我有一个屏蔽的一维数据数组,其中包含我屏蔽的 nan 值,现在打印为 --。我希望将此数组拟合为高斯并使用拟合的均值和标准差创建直方图。我已经尝试过辣味.stats.fit 但这没有用(平均和标准只返回'nan')。然后我寻找了辣味.mstats,但它看起来不像有适合的功能。

是否有可以将高斯拟合到掩码数组并输出均值和标准差的模块?

编辑:这是我的代码

def createRmsMatrix( self ):

    '''
    Creates an array of RMS values for each profile in one file.
    '''

    # Initialize RMS table of zeroes
    rmsMatrix = np.zeros( ( self.nSub, self.nChan ), dtype = float )

    # Loop over the time and frequency indices
    for time in np.arange( self.nSub ):
        for frequency in np.arange( self.nChan ):

            # Create a mask along the bin space
            mask = utils.binMask( self.data[time][frequency], 0.55 )

            #print(mask)

            rmsMatrix[time][frequency] = mu.rootMeanSquare( self.data[time][frequency][mask == 0] )

    # Mask the nan values in the array
    rmsMatrix = np.ma.array( rmsMatrix, mask = np.isnan( rmsMatrix ) )

    print( "Root Mean Square matrix created..." )

    return rmsMatrix

我的 main 函数中调用它的部分是:

    # Return the array of RMS values for each profile
    self.rmsArray = self.createRmsMatrix()

    # Reshape RMS array to be linear and store in a new RMS array
    self.linearRmsArray = np.reshape( self.rmsArray, ( self.nChan * self.nSub ) )

    # Best fit of data using a Gaussian fit
    mu, sigma = norm.fit( self.linearRmsArray )

    # Creates the histogram
    n, bins, patches = self.histogramPlot( self.linearRmsArray, mu, sigma, 'Root Mean Squared', 'Frequency Density', True )

histogramPlot 对我来说只是一个方便的 matplotlib 组织者,我还将发布:

def histogramPlot( self, data, mean, stdDev, xAxis='x-axis', yAxis='y-axis', showPlot = False ):

    '''
    Plots and returns a histogram of some linear data using matplotlib
    and fits a Gaussian centered around the mean with a spread of stdDev.
    Use this function to set the x and y axis names.
    Can also toggle showing of the histogram in this function.
    '''

    # Plot the histogram
    n, bins, patches = plt.hist( self.linearRmsArray, bins=self.nChan, normed=True )

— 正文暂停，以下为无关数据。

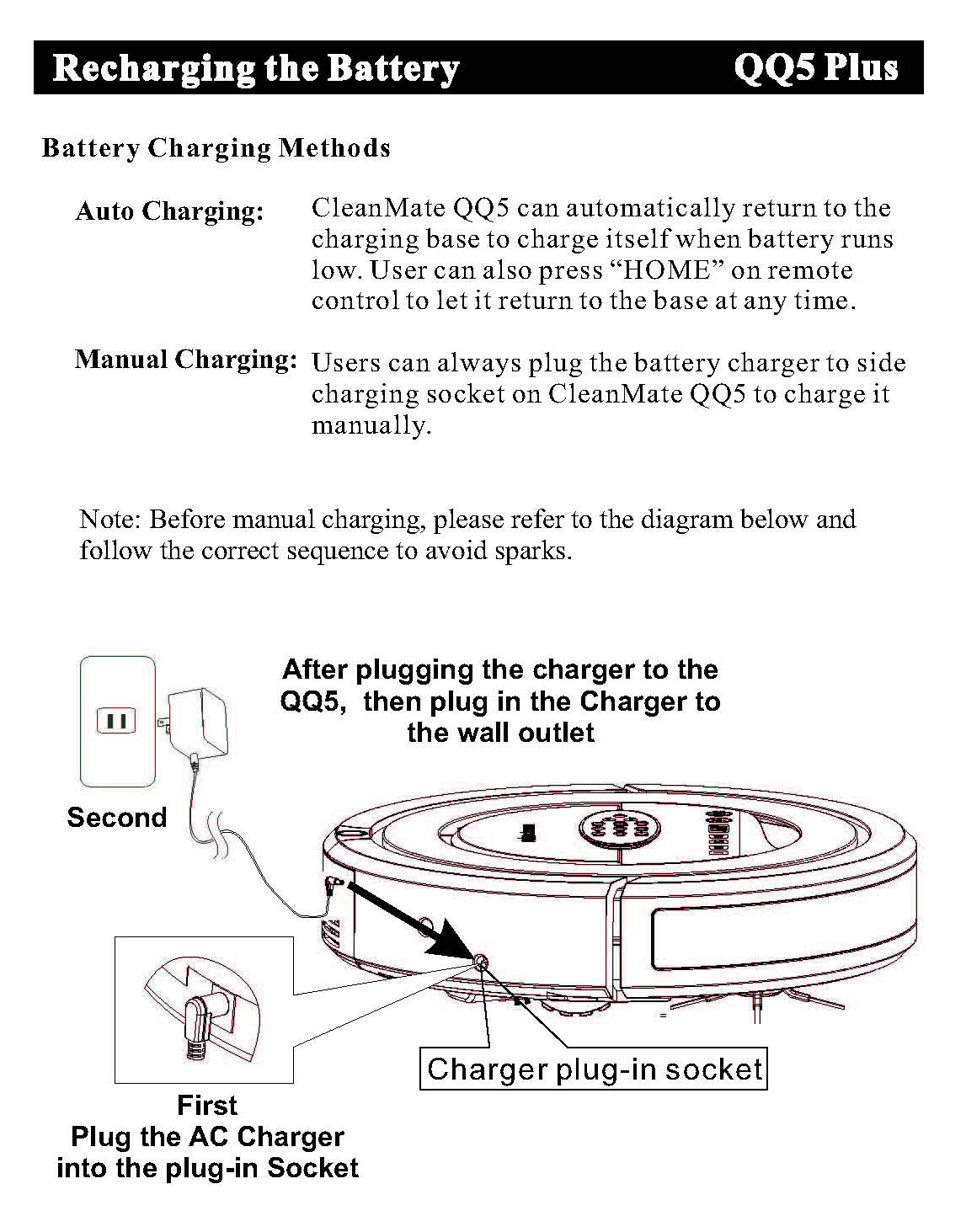 11. Where to place Self-Charging Station to make it easier for the QQ5 to find it? Having the Self-Charging Station in a place where there are a lot of objects will make it harder for the QQ5 for find it. For better QQ5 searching performance, place the Self-Charging station at the central location of your house or a location that has open space. We recommend placing the Self-Charging station next to a wall leaving space of at least 15" from the each side of the charging station. Also do not place it at corners or edgy places.12. How does QQ5 search for Self-Charging Station? QQ5 series have implemented a new docking technology, so its base signal is much stronger and covers a much larger area than QQ2 and QQ3 series. CleanMate QQ5 will be able to detect base signal from very far distant (up to 20 ft away), and then go directly back to the charging base without further searching. Therefore, the docking time of QQ5 is much shorter and affective. The video below shows how QQ5 Plus finds its charging station in no time. 13. How to save timer setting on charging station? Charging station clock and scheduler setting will be saved when AC power is lost. Clock and timer data will be restored when charging station has AC power. 14. How to set up clock and scheduler setting on charging station? Please refer to Scheduler Operation Section on user manual. 15. How to detect when the dust bin is full and when to empty debris inside dust bin? You need to check dust bin debris level when one cleaning cycle is finished. Please empty dust bin and clean air filter as often as possible. There is no harm to run QQ5 even the dust bin is full. QQ5 will no longer pick up debris or it will lost vacuum power when dust bin is full or filter is very dirty. 16. Why do I see sparks when I plug in AC power to charging station? First connect DC output to charging station first and plug AC charger to wall outlet last. 17. Will having the UV light on shorten QQ5 unit running time? It will not impact QQ5's running time too much. QQ5 UV light helps to disinfect and clean better. The UV light is automatically turned on at the scheduling vacuum time. QQ5 can clean carpets that are thick up to 1/2". QQ5 can climb up 1/2" carpet. It will not go over rug with tassels since the roller brush will not do reverse action like Roomba unit.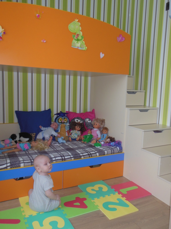 сегодня пока я значит наводила порядки на кухне, егора оставила в детской играть на полу, мужа дома не было, доча со мной на кухне , кушает сидит, я значит завертелась, закрутилась все же нужно быстрей- быстрей успеть, периодически бегаю смотрю где малыш, в очередной раз забегаю в детскую его нет, в нашу комнату, ванну , туалет, коридор-нет ни где, я в шоке, думаю нужно еще раз обойти все комнаты, опять захожу в детскую, заглядываю за дверь, (а за ней у нас сразу начинается ступеньки на второй этаж кровати), так вот, заглядываю и вижу как вы думаете что???? а то что мой ребенок уже на 3 ступеньке и карабкается на 4, я как схватила его, капец а если бы он шлепнулся...страшно представить, слава богу все обошлось, дак меня больше мучает другой вопрос, КАК, КАК в 6 месяцев можно залезть на ступеньки, что за дети акселераты пошли.....!!!!!!!!!!!!!!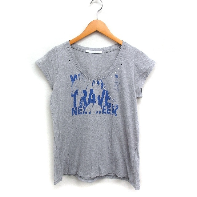 > d?dier ロゴプリント Tシャツ カットソー 半袖 Vネック コットン 綿 40 グレー 灰 /FT39 レディース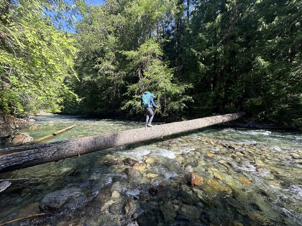 We started our adventure at the Canyon Creek trailhead. The advantage of this trailhead over the East Bank trailhead is that you avoid a 3+ mile creekside hike parallel to Hwy 20. The downside is that the bridge is out and Ruby Creek can be almost-knee-deep and pretty fast. Luckily, we spotted a log approx 100 yards upstream. It took some work to get to, but it nicely spanned the river: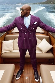 Anson Chic Grape Striped Peaked Lapel Double Breasted Men Suits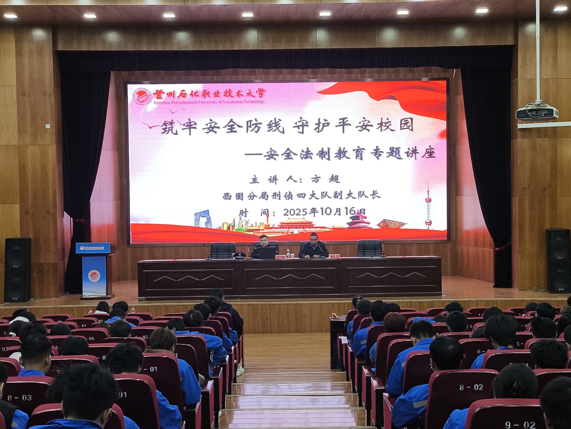 为扎实推动“一学五查双促进”素质提升月活动走深走实,切实增强学生安全防范意识与法治观念,10月16日晚,应用化学工程学院紧密围绕活动方案要求,联合兰州市公安局西固分局刑侦四大队,在西校区多功能报告厅成功举办了安全法制专题教育暨防电信网络诈骗讲座。学院学生管理负责人、辅导员、全体班长、团支书、宿舍长及学生会干部参加了此次讲座。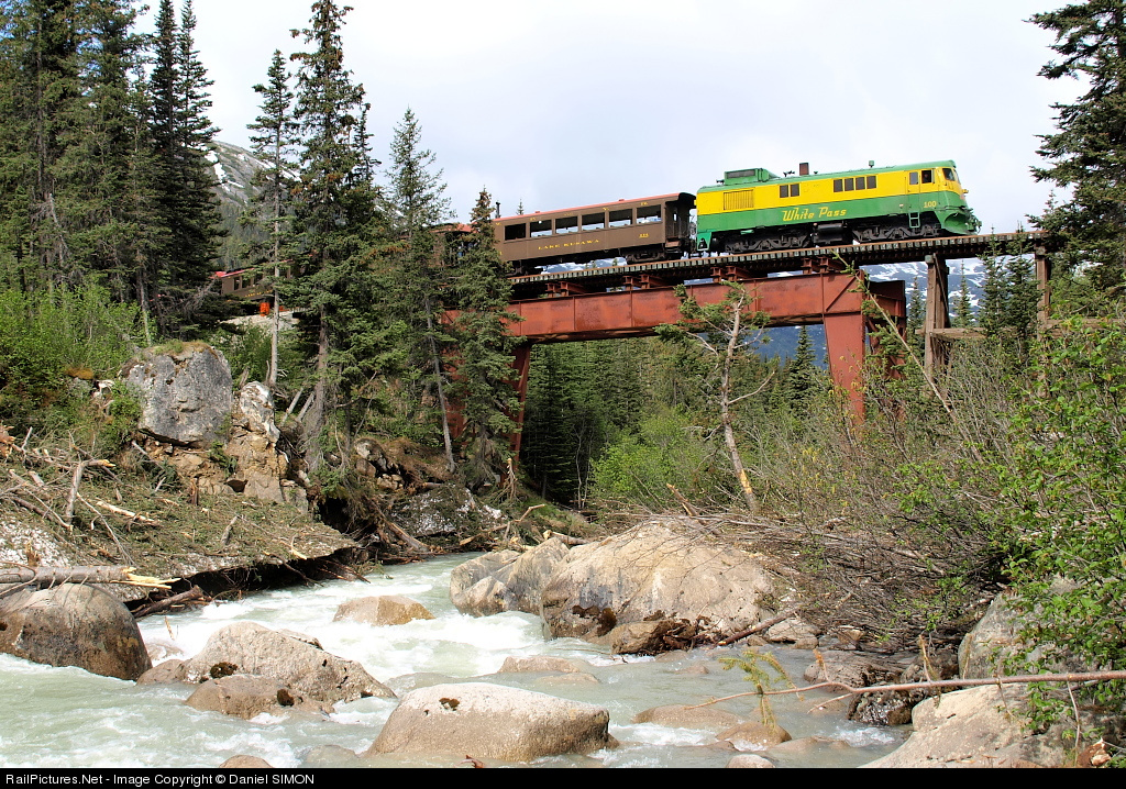 RailPictures.Net Photo: WPY #100 White Pass & Yukon Route GE 90 Class at Between Skagway and White Pass, Alaska by Daniel SIMON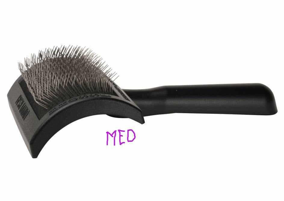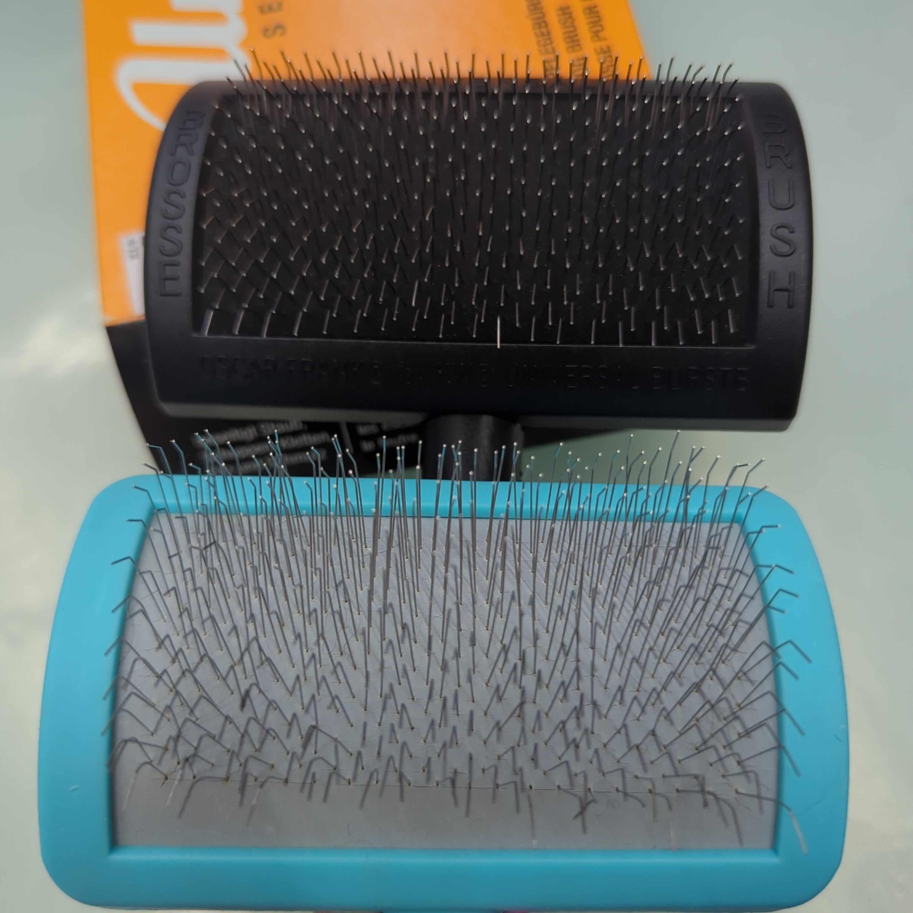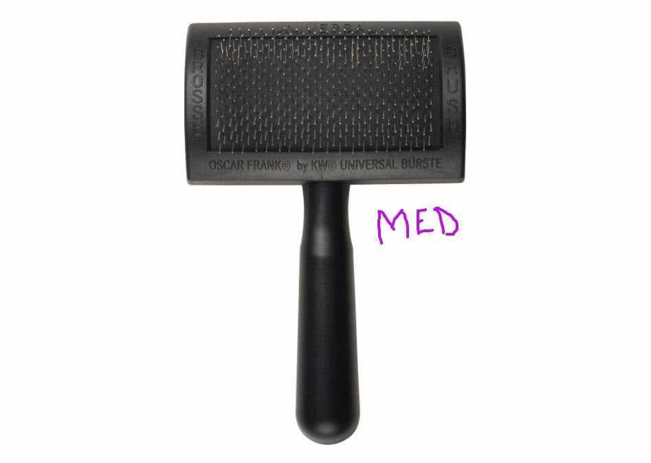 Pour les races de petite à moyenne taille ou les zones de brossage plus petites, nous recommandons le Frank's Universal Standard Medium Slicker Firm (voir ci-dessous).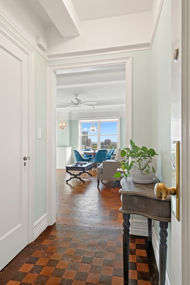 Additional features of the home include the original brass hardware on doors, beautiful vintage-inspired lighting fixtures, upgraded moldings, a customized coat closet, a magnificent double closet opposite the bathroom and the original prewar cork floors throughout.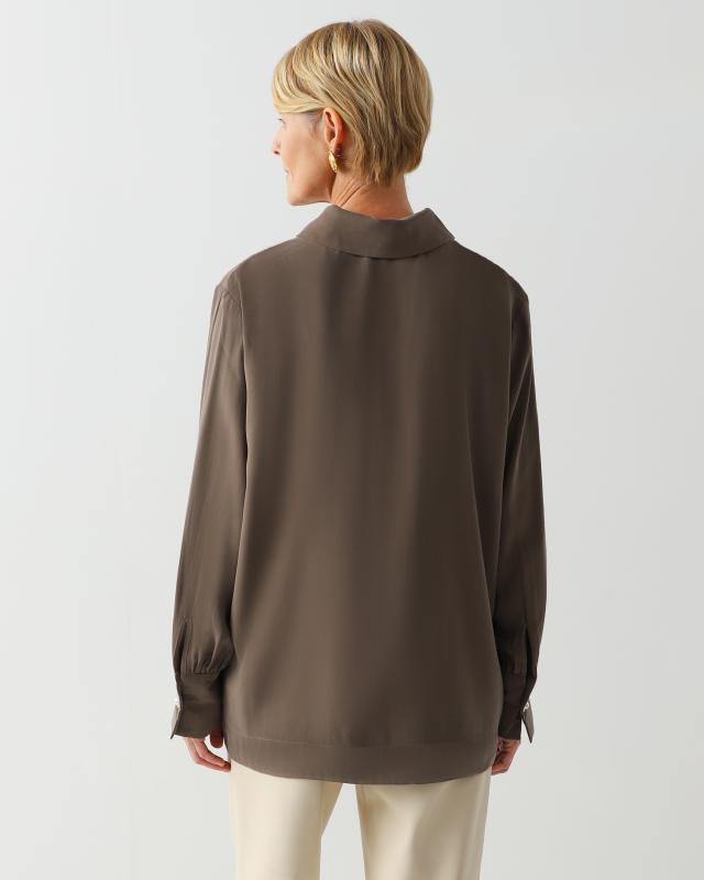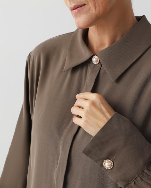 Как купить Свободная блуза из смесовой вискозы со скрытой застежкой и декоративной пуговицей на воротнике и манжетах?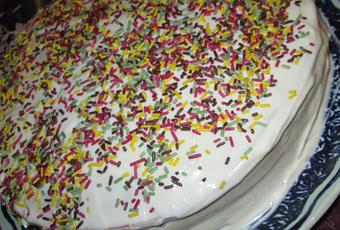 Pour la décoration j'ai utilisé seulement des petites confettis de toutes les couleurs, mais sur beaucoup de blogs j'ai vu que les filles avaient utiliser de la pâte d'amande, je pense que je ferais pareil la prochaine fois, j'ai décidé d'en faire un pour l'anniversaire de Lola.

    # Add a 'best fit' normal distribution line
    xPlot = np.linspace( ( mean - (4*stdDev) ), ( mean + (4*stdDev) ), 1000 )
    yPlot = mlab.normpdf( xPlot, mean, stdDev )
    l = plt.plot(xPlot, yPlot, 'r--', linewidth=2)

    # Format axes
    plt.ylabel( yAxis )
    plt.xlabel( xAxis )
    #plt.title(r'$\mathrm{Histogram\ of\ data:}\ \mu=%.3f,\ \sigma=%.3f$' %(mu, sigma))
    plt.title(r'$\mu=%.3f,\ \sigma=%.3f$' %(mean, stdDev))
    plt.grid(True)

    if showPlot == True:
        plt.show()

    return n, bins, patches

【问题讨论】:

  • 目前有代码吗?至少生成与提到的“屏蔽数组”等效的代码?
  • @AndreyTyukin,我已将代码包含在编辑中

标签: python python-3.x scipy histogram python-3.6


【解决方案1】:

您试图使用scipy.norm.fit 来拟合数据的正态分布,这意味着您的输入是应该是正态分布的随机样本的值集合。在这种情况下,平均值和标准差的最大似然估计。开发。只是数据的样本均值和样本标准差。对于包含nan的数据,可以在调用scipy.norm.fit()之前去掉nans,或者直接用numpy.nanmeannumpy.nanstd计算:

est_mean = np.nanmean(data)
est_stddev = np.nanstd(data)

例如,

In [18]: import numpy as np

In [19]: from scipy.stats import norm

In [20]: x = np.array([1, 4.5, np.nan, 3.3, 10.0, 4.1, 8.5, 17.1, np.nan])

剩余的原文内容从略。